Padeció sospechas de iluminismo y tuvo largos y tormentosos conflictos con la Iglesia debido a su insistencia en «tratar a solas con Dios», a su búsqueda de la unión con Dios sin mediación institucional ninguna. Sus confesores y superiores tuvieron que hacerle entender -según se ha dicho- los peligros que significaban para la ortodoxia el haber alcanzado privilegiados estados de quietud antes, tal vez, de haber vencido el amor propio. De ahí que ella misma se cuide, por ejemplo, de distinguirse de los iluminados, de dejar bien en claro que funda conventos para fortalecer a la Iglesia en la lucha contra el luteranismo y de aclarar que la oración ha de ser no sólo «mental», sino «vocal» (y con ayuda de libros aceptados en el Indice Valdés,cf. Camino de perfección).
A partir de la dirección que recibe de los jesuitas parecen desaparecer las dificultades y, una vez reconocida su ortodoxia y aceptada su idea de la fundación de monasterios especiales para mujeres, su vida se resuelve en una constante actividad reconocida con entusiasmo por sus superiores. Así lo entenderán, por ejemplo, Fray Luis de León y su mayor admirador, el mismo Felipe II. Cuando muere Teresa de Cepeda en Alba de Tormes, está ya bien preparado el terreno para su canonización (1622).
No es de ningún modo claro que la obra de Santa Teresa haya de tratarse en una historia de la literatura.

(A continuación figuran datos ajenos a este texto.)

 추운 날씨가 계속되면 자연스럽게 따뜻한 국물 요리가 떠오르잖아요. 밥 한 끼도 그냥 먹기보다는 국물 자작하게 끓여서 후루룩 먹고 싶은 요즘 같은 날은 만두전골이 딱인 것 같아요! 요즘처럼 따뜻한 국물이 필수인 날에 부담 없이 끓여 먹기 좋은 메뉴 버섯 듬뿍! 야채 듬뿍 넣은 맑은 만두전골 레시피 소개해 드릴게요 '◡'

Por su muy específica doctrinalidad, sólo cabe aquí -al igual que la obra de Fray Luis de Granada- si aceptamos el sentido más amplio del término «literatura». Puede que así deba hacerse; pero entonces, contra el peso de la tradición, ello exigiría que se trataran también en una historia de la literatura española otras obras que de costumbre no suelen ocuparnos: piénsese en que no hay diferencia formal ninguna entre el documento teresiano clave que es las Fundaciones para la historia del pensamiento religioso en España y, por ejemplo, el documento de fundación del Partido Socialista (1876), del cual, por supuesto, no se ocupan las historias de la literatura.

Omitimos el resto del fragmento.